Commanders and leaders
- Sokollu Mehmed Pasha Kara Ahmed Pasha Malkoč Bey: Unknown

= Siege of Lippa (1551) =

1551 siege

The Siege of Lippa (1551) was a military conflict between the Habsburg monarchy and the Ottoman Empire in 1551. The siege resulted with a decisive Ottoman victory and Lippa came under Ottoman control for 164 years. It was part of the Habsburg–Ottoman war of 1551–1562.

== Background ==
After the Battle of Mohács in 1526, the Hungarian Kingdom split into two parts. The western part of the country came under the control of Ferdinand I from the House of Habsburg, the eastern side came under the control of John Zápolya, a Hungarian noble. Zápolya asked the help of Suleiman the Magnificent Ottoman emperor against Ferdinand.
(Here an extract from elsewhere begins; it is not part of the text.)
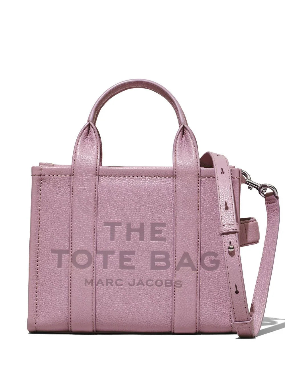 Marc Jacobs reimagines The Tote bag in smaller proportions. This iteration features the signature boxy silhouette and adjustable crossbody strap.

After the death of John in 1540, he was succeeded by his one-month-old son, John Sigismund Zápolya. Ferdinand in 1541 tried to capture Buda, the capital, but he was defeated by Suleiman's army. The Ottoman emperor occupied Buda after the victory and sent the young Hungarian king with his court to Lippa (today Lipova, Romania); in 1542 they moved to Gyulafehérvár (today Alba Iulia, Romania), which later became the capital of the Principality of Transylvania.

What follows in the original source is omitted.